* Activity
Beneath this line are entries. Copy the range from the line with "学生に大人気の学食 SORA CAFEで無料ランチを提供。交換留学生や在学生とともにランチを楽しんでいただきました。" to the line with "VINILO REFORZADO ANTIDESLIZANTE", ends included, exactly; leave pictures out.

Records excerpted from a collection
━━━━━━━━
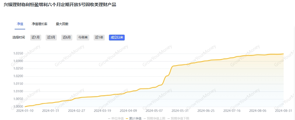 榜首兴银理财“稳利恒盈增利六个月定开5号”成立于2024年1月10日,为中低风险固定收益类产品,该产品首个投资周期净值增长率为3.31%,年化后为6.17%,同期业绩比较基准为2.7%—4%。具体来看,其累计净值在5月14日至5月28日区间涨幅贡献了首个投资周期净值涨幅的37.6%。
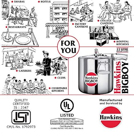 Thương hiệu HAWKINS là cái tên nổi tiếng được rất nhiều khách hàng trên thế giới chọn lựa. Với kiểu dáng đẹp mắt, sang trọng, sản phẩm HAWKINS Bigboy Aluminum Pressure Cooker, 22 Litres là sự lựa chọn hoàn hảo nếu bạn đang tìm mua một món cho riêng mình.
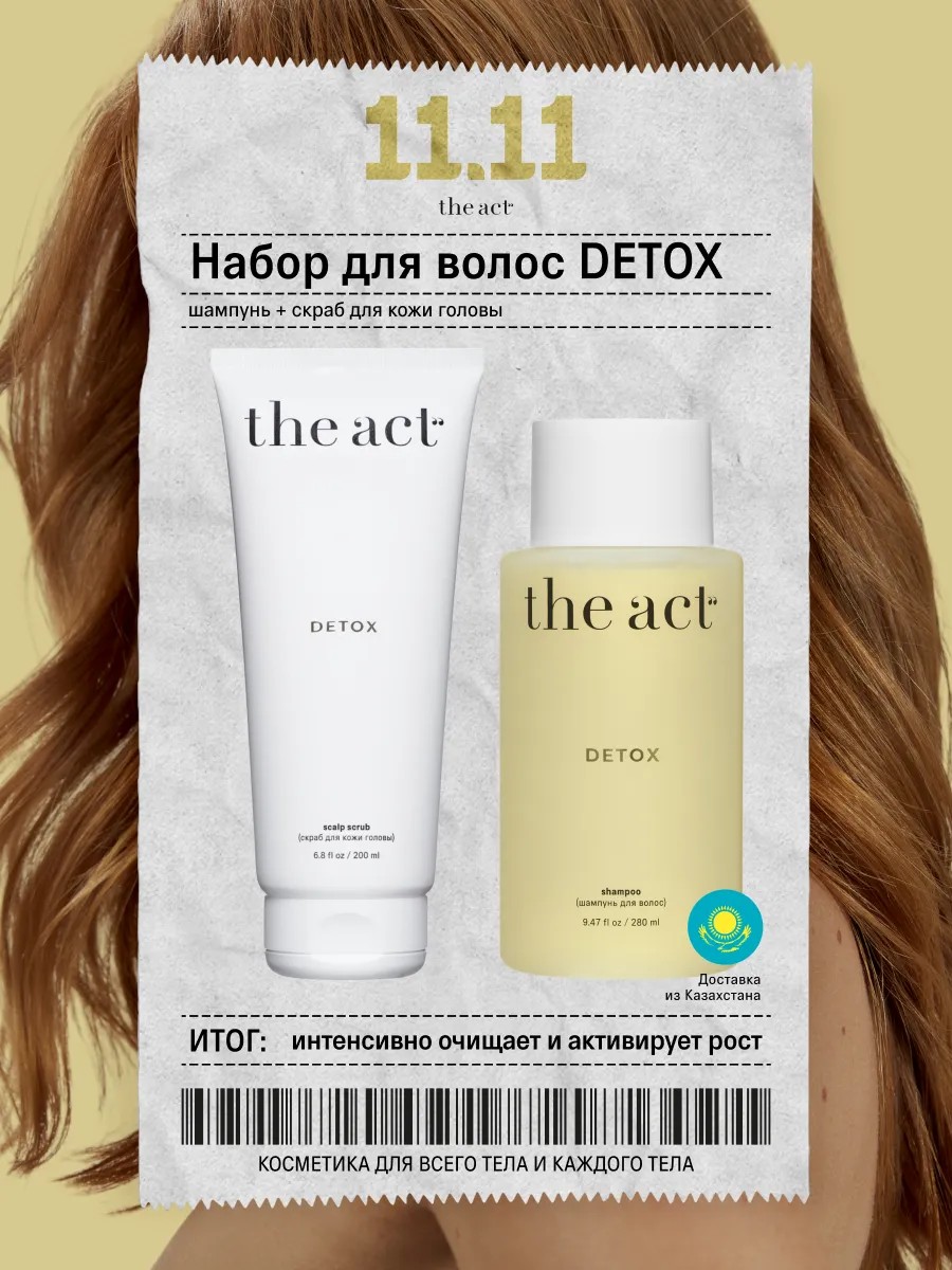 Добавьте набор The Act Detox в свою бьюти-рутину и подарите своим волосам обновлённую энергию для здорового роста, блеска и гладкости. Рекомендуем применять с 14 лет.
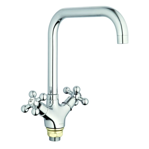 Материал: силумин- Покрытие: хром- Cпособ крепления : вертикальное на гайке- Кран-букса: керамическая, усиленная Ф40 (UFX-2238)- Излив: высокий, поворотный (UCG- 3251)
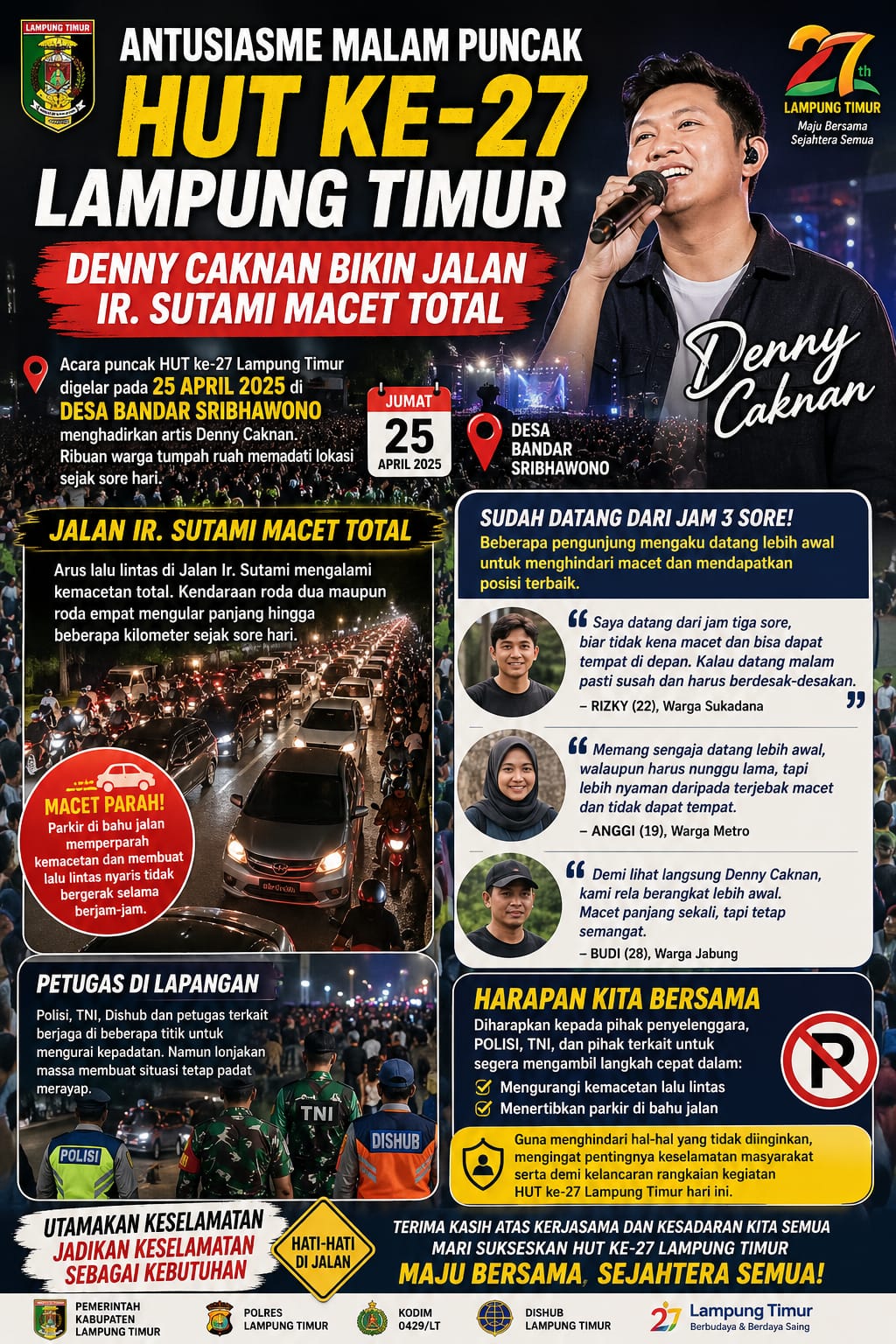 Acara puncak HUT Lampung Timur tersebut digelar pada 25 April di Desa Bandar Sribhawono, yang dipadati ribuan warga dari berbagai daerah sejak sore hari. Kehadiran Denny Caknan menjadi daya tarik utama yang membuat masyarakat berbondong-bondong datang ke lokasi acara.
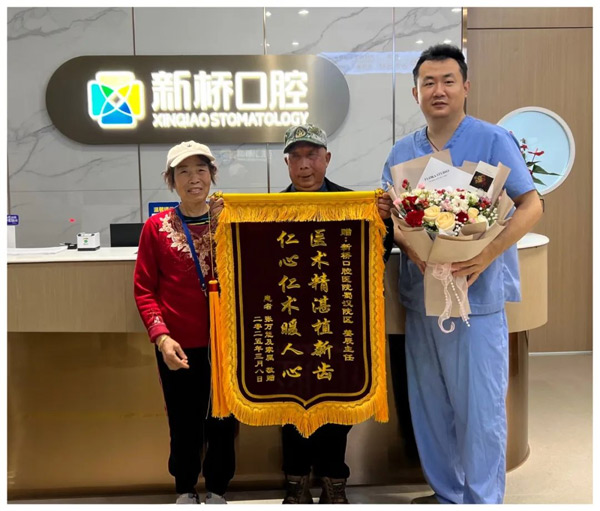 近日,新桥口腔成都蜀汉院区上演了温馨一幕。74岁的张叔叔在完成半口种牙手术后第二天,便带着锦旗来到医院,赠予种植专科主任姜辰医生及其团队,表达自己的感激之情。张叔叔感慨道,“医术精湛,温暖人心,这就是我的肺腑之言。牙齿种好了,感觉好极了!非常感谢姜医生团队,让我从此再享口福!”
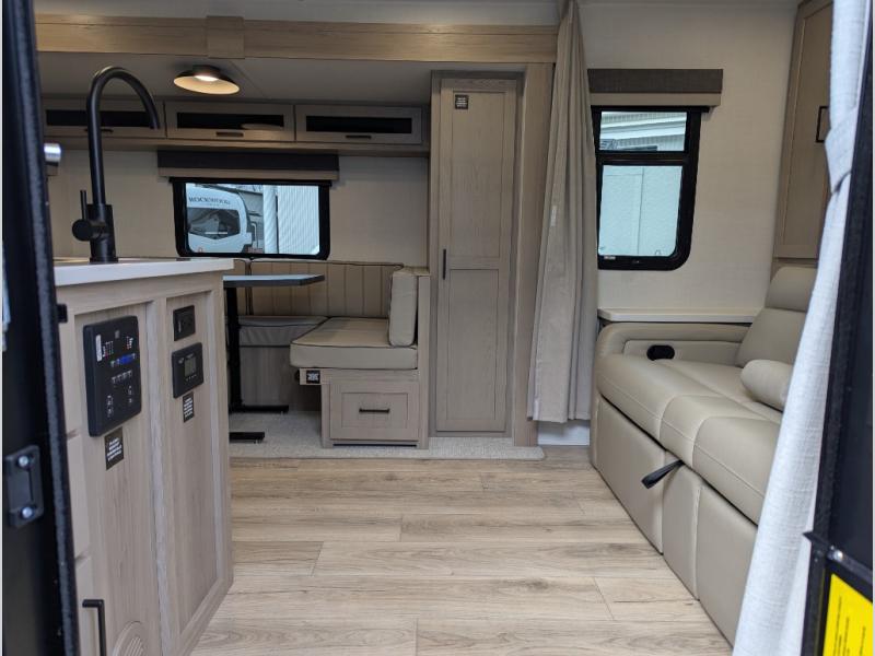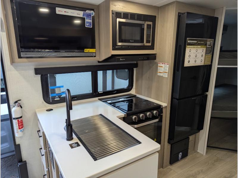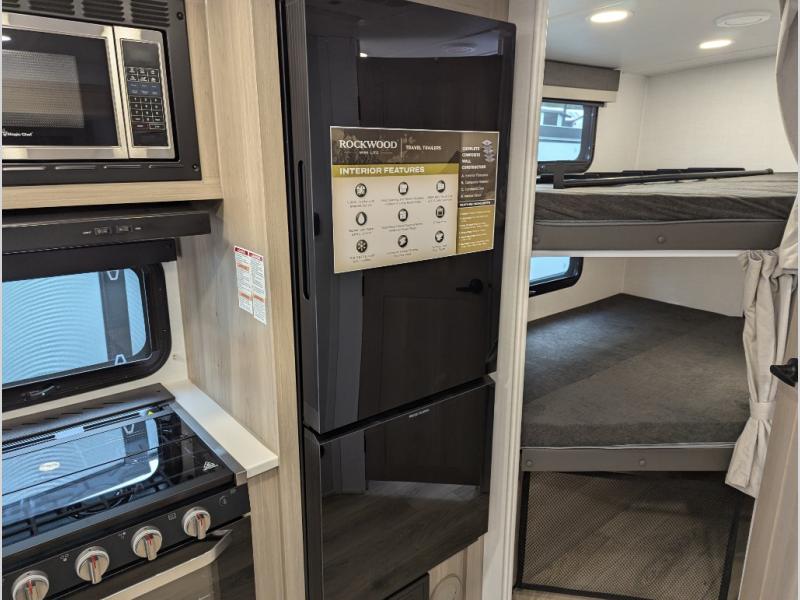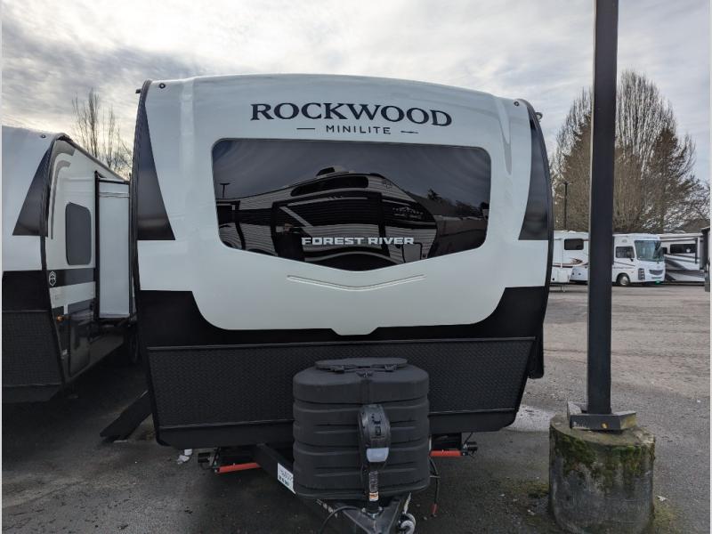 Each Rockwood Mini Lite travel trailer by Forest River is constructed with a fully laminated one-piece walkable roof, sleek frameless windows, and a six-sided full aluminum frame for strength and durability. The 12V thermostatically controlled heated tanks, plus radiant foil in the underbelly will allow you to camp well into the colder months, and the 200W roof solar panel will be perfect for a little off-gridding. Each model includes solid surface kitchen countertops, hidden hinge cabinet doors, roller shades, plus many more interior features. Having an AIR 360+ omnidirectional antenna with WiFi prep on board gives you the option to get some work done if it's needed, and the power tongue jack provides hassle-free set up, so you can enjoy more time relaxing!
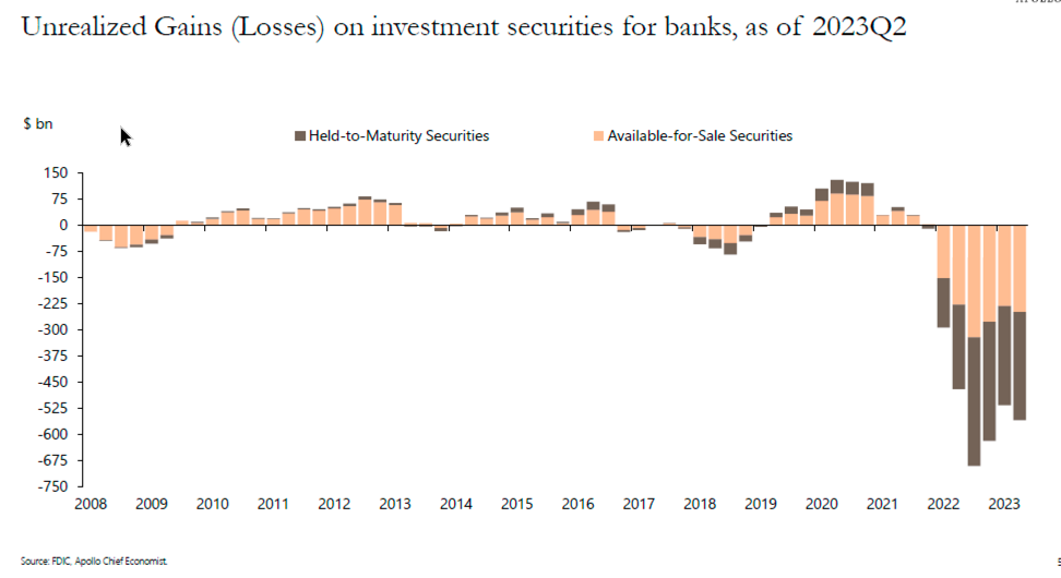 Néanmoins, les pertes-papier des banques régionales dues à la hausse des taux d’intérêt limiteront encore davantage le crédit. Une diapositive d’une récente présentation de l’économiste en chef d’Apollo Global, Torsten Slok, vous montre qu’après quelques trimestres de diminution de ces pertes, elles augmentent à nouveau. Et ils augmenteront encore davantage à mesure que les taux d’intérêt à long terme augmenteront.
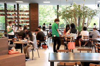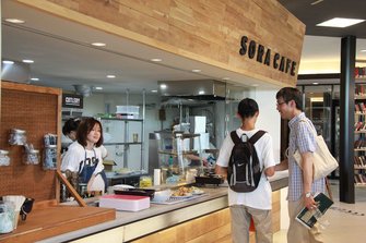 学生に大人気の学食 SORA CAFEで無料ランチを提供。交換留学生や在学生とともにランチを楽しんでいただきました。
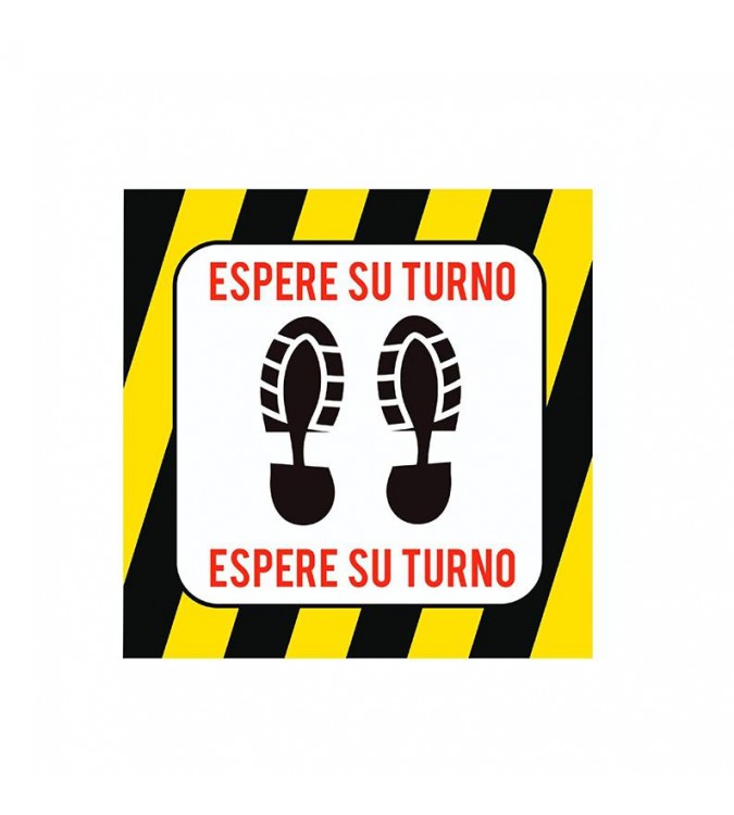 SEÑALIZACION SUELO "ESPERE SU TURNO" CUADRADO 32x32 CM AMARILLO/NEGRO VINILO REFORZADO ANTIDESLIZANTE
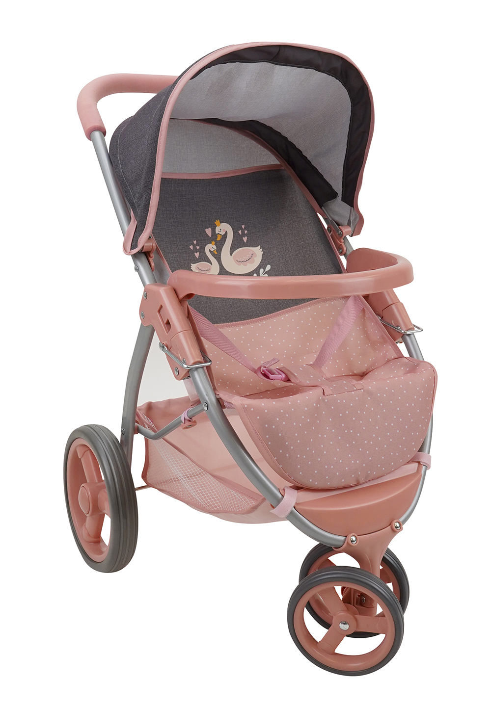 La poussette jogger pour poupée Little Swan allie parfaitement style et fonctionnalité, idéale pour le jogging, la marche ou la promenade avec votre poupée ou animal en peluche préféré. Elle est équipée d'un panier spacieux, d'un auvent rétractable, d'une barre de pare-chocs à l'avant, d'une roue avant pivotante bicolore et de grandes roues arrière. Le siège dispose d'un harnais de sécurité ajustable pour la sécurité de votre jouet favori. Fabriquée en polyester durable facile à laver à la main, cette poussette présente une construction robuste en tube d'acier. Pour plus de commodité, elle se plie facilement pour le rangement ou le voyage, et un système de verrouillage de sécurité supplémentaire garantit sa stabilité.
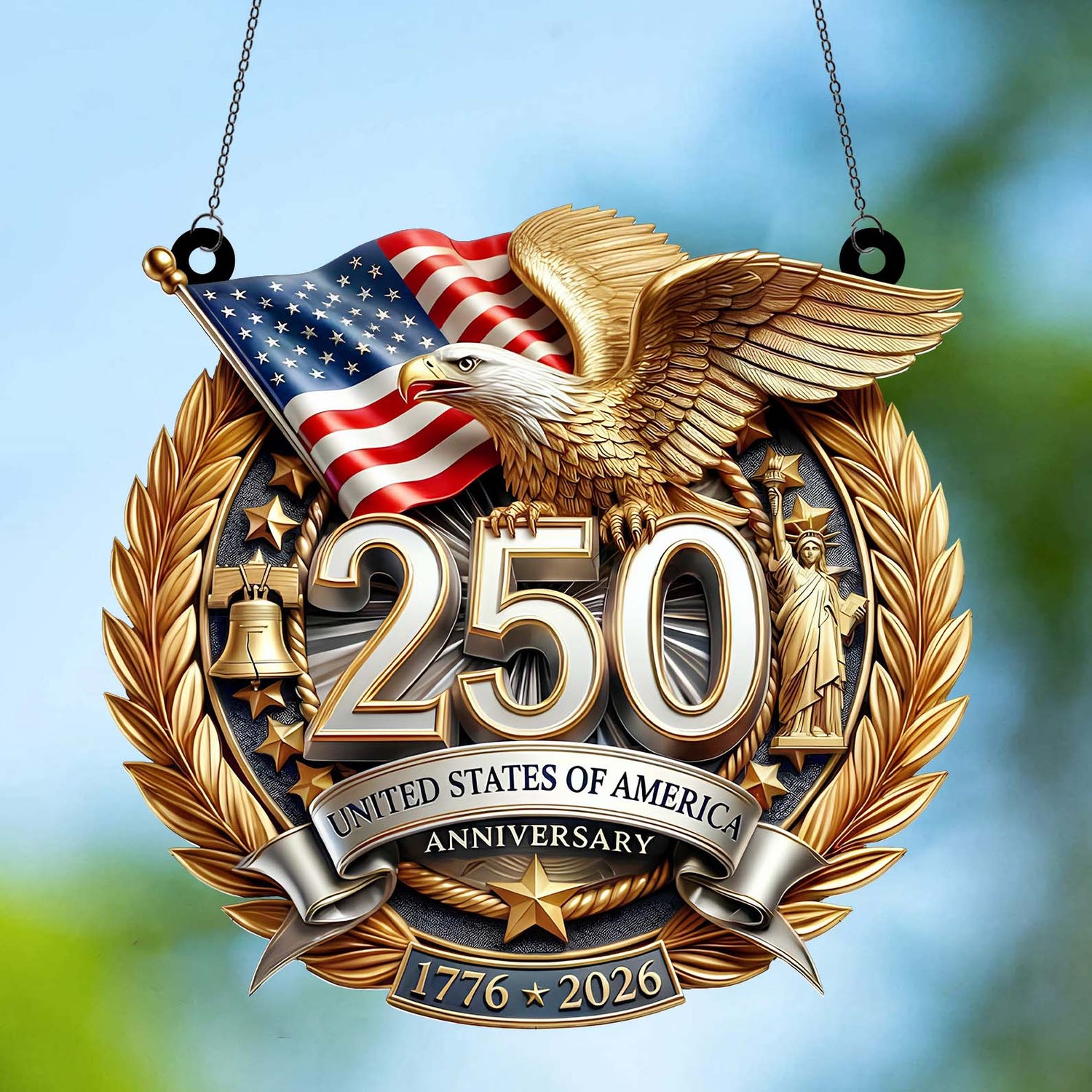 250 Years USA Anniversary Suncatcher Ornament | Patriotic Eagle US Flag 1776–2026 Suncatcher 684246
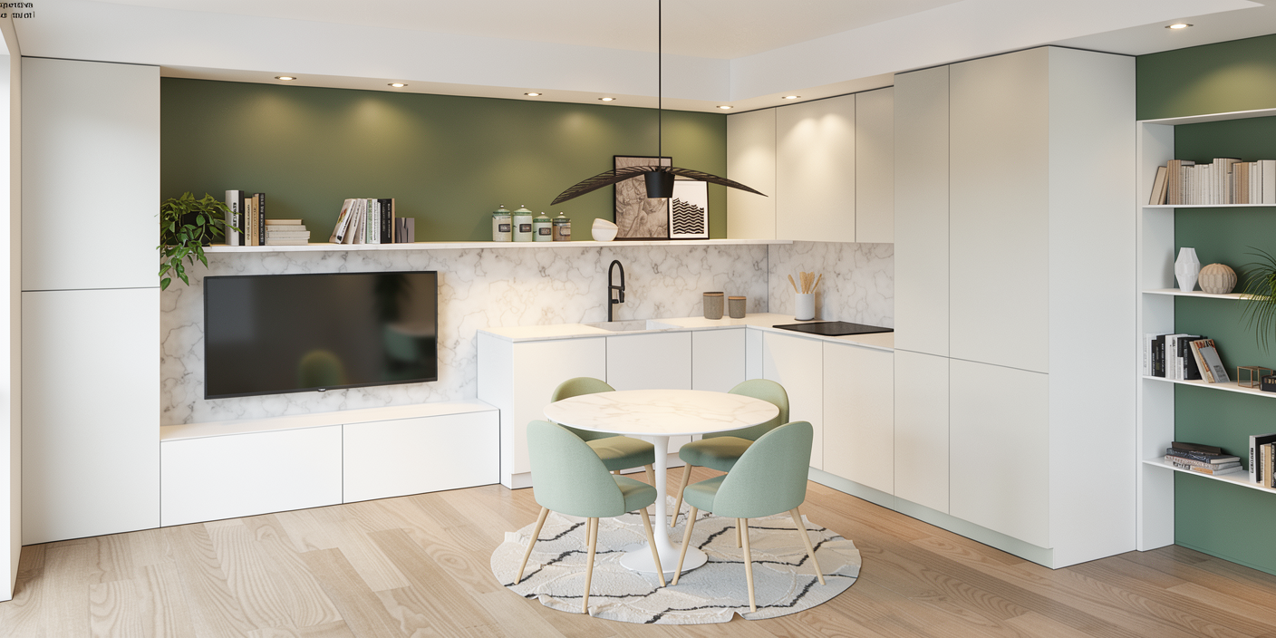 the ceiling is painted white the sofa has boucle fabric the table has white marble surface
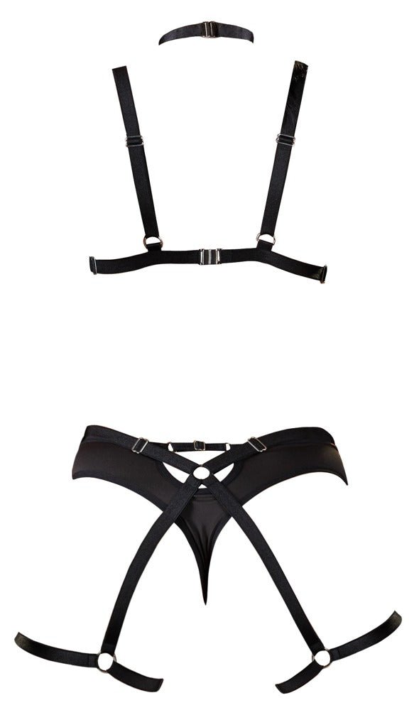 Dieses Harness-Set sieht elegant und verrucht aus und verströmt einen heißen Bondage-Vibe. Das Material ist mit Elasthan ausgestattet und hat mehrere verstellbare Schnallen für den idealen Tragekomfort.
━━━━━━━━
* Expected answer
 学生に大人気の学食 SORA CAFEで無料ランチを提供。交換留学生や在学生とともにランチを楽しんでいただきました。
 SEÑALIZACION SUELO "ESPERE SU TURNO" CUADRADO 32x32 CM AMARILLO/NEGRO VINILO REFORZADO ANTIDESLIZANTE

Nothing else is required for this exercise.